45 Plotting Predictors
# Load in the packages and the data
library(ISLR); library(ggplot2); library(psych); library(caret); data(Wage)
summary(Wage)
## year age maritl race
## Min. :2003 Min. :18.00 1. Never Married: 648 1. White:2480
## 1st Qu.:2004 1st Qu.:33.75 2. Married :2074 2. Black: 293
## Median :2006 Median :42.00 3. Widowed : 19 3. Asian: 190
## Mean :2006 Mean :42.41 4. Divorced : 204 4. Other: 37
## 3rd Qu.:2008 3rd Qu.:51.00 5. Separated : 55
## Max. :2009 Max. :80.00
##
## education region jobclass
## 1. < HS Grad :268 2. Middle Atlantic :3000 1. Industrial :1544
## 2. HS Grad :971 1. New England : 0 2. Information:1456
## 3. Some College :650 3. East North Central: 0
## 4. College Grad :685 4. West North Central: 0
## 5. Advanced Degree:426 5. South Atlantic : 0
## 6. East South Central: 0
## (Other) : 0
## health health_ins logwage wage
## 1. <=Good : 858 1. Yes:2083 Min. :3.000 Min. : 20.09
## 2. >=Very Good:2142 2. No : 917 1st Qu.:4.447 1st Qu.: 85.38
## Median :4.653 Median :104.92
## Mean :4.654 Mean :111.70
## 3rd Qu.:4.857 3rd Qu.:128.68
## Max. :5.763 Max. :318.34
##
# Create the training and the testing sets
inTrain <- createDataPartition(y = Wage$wage, p = 0.7, list = FALSE)
training <- Wage[inTrain,]
testing <- Wage[-inTrain,]
dim(training); dim(testing)
## [1] 2102 11
## [1] 898 11
# Feature plot? Looks like shit though...
featurePlot(x = training[, c("age", "education", "jobclass")], y = training$wage, plot = "pairs")
## `geom_smooth()` using formula 'y ~ x'
## `geom_smooth()` using formula 'y ~ x'
## `geom_smooth()` using formula 'y ~ x'
45.1 Making Factors with the Hmisc
package
An easy way to automate the creation of factor variables with levels is to use the cut2()
function from the Hmisc
package. The ‘g’ argument tells the function how many levels you would like to have in your new factor.
# Load the Hmisc package
library(Hmisc)
# Use the cut2 function to break the data into 3 levels
cutWage <- cut2(training$wage, g = 3)
# Check that this works
table(cutWage)
## cutWage
## [ 20.1, 91.7) [ 91.7,118.9) [118.9,318.3]
## 704 726 672
#
training$cutWage <- cutWage
ggplot(data = training, aes(x = cutWage, y = age, fill = cutWage)) +
geom_boxplot() +
geom_jitter(alpha = 0.15, pch =13, col = 'red') +
xlab("Wage Brackets") +
ylab("Age of Worker") +
ggtitle("Age of Worker vs Wage Braket")
45.1.1 Making Tables
The factor variables created using the cut2()

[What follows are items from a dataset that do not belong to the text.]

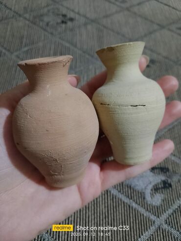 - 2 ədəd mini keramika küp (rənglər: krem və tünd torpaq tonları), əl işi teksturalı səth.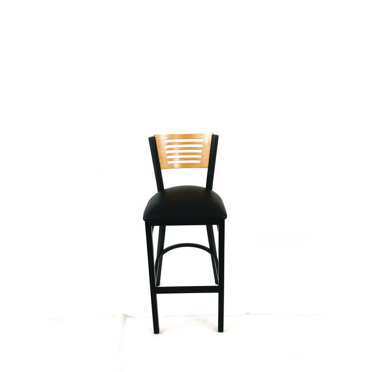 Introducing the perfect seating solution for your home or business-the Jones River Series metal framed barstool with vinyl seat pad. This sleek and modern design is built to provide maximum comfort and durability, all while adding a touch of style to your space. With a sturdy metal frame, this barstool is sure to stand up to even the busiest of environments. The frame is built to last, ensuring that you have a reliable seating option for years to come. The vinyl seat pad is not only comfortable, but also easy to clean and provides a soft and supportive surface that is perfect for extended use making it ideal for high-traffic areas. Whether you're using this barstool in your dining room, kitchen, or bar area, it's sure to impress and is the perfect addition to any indoor space. Recommended Application Area(s): Breakroom & Foodservice; Seat Color: Black; Back Color: Natural; Color Family: Black.
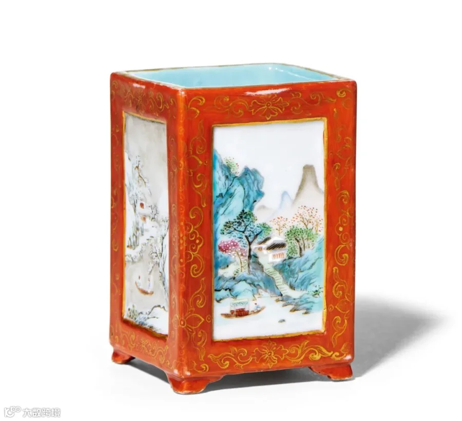 LOT869 清乾隆 粉彩矾红地开光粉彩山水纹笔筒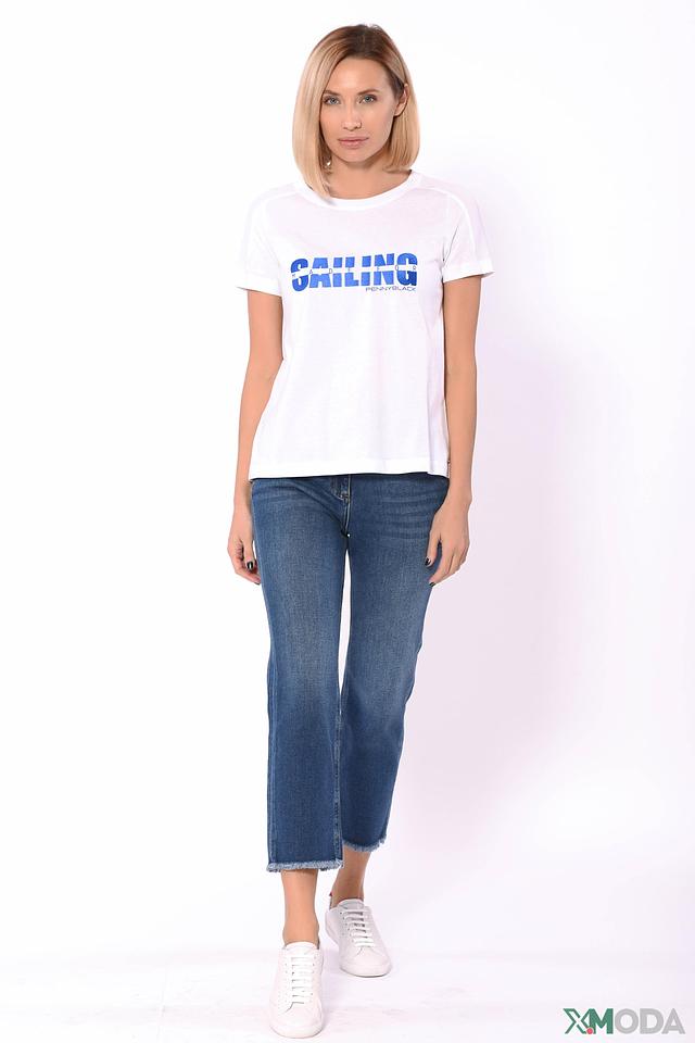 Белая футболка Penny Black Grey с ярким синим принтом "SAILING CHILLING". Изготовлена из мягкого хлопка, обеспечивающего комфорт в повседневной носке. Стильный и лаконичный дизайн. Состав: хлопок 100%, Состав_2 вискоза 100%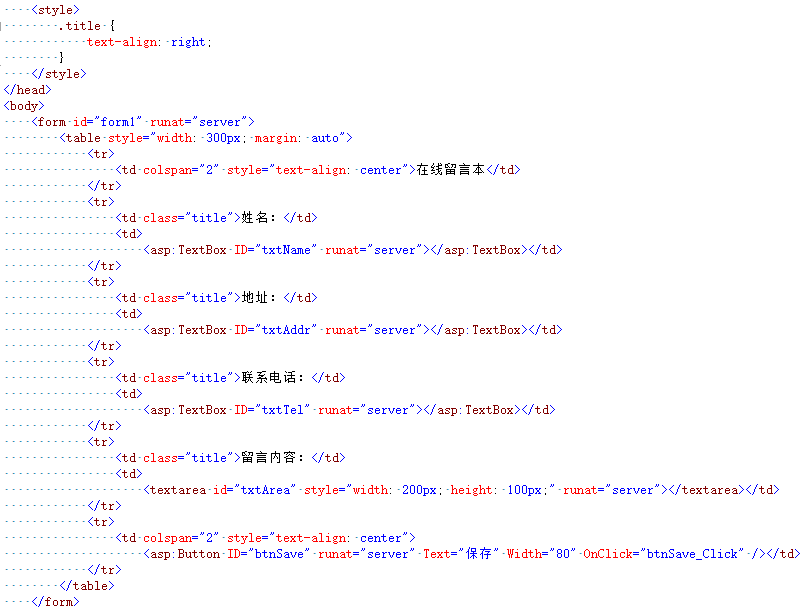 (3)在按钮btnSave_Click事件写添加代码,写入XML文件。创建写入XML文件的方法,参数包括XML文件的路径、姓名、地址、电话和留言内容。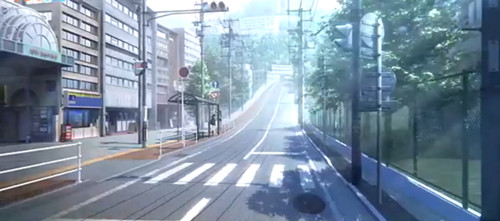 一名黑发少女在巴士站等车,似乎因为家中发生了一些不幸事件,被同学闲言闲语。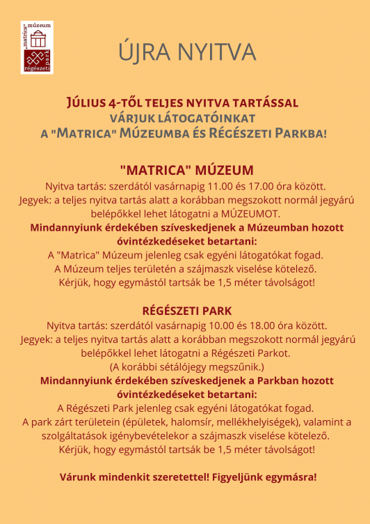 Kultúra2020. július 06. 11:00erdmost.huTeljes nyitvatartás, óvintézkedésekkelA Matrica Múzeum és a Régészeti Park csak egyéni látogatókat fogad, és zárt területen kötelező a maszk viselése.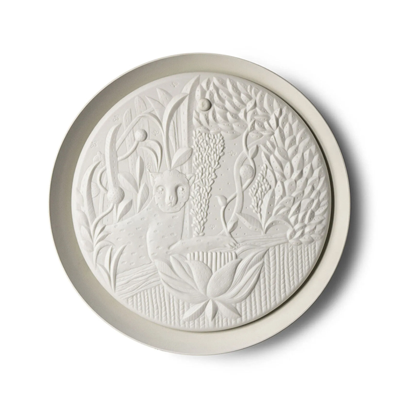 Product Code: 8L01024149 Light source: 2 x E14 9W LED (Max) | Not Incl. Materials: Porcelain Dimensions: Ø 400mm x D 90mm Brand: Lladro The design for the Jungle Wall light features a porcelain relief inspired by wildlife; a feline and a variety of tropical plants, minutely etched by hand. Made in translucent matt-white porcelain, the Jungle wall lamp looks stunning on or off and showcases the fine detail and mastery of the porcelain work. Rated IP20 suitable for indoor use. Dimmable with dimmable globes. Designed by Aleksandra Zeromska & Susana Rodriguez for Lladró and made in Spain. Please note that porcelain products are handmade and the exact size, colour and texture of each piece may vary. For trade enquiries, please contact us below. |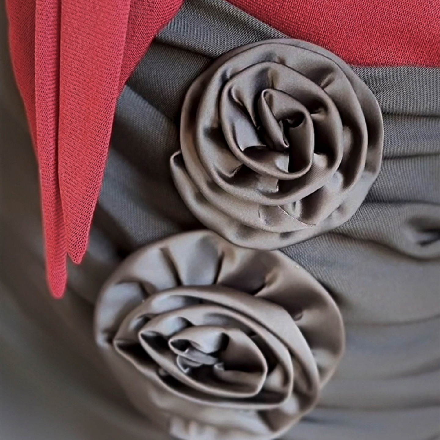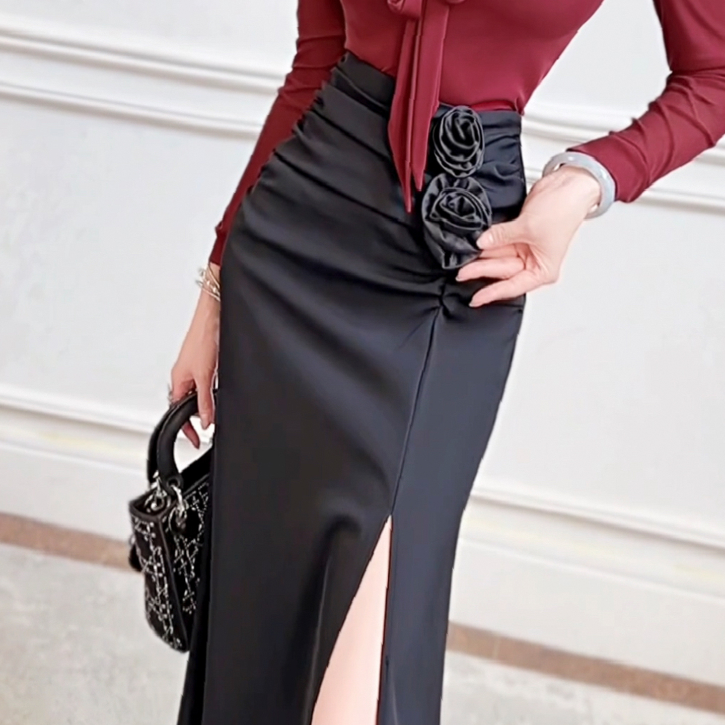 飞姐定制黑色开叉立体花朵设计半身裙高腰掐褶遮肉显瘦鱼尾裙

function can then be used to make tables and proportion tables that are useful for comparing other factors.
##
## cutWage 1. Industrial 2. Information
## [ 20.1, 91.7) 459 245
## [ 91.7,118.9) 375 351
## [118.9,318.3] 265 407
##
## cutWage 1. Industrial 2. Information
## [ 20.1, 91.7) 0.6519886 0.3480114
## [ 91.7,118.9) 0.5165289 0.4834711
## [118.9,318.3] 0.3943452 0.6056548
45.2 Notes
- Only make plots on the training data.
- Need to look out for imbalance in the outcomes / predictors
- Need to look at outliers
- Need to look for groups of points not explained by a predictor
- Need to look for skewed variables.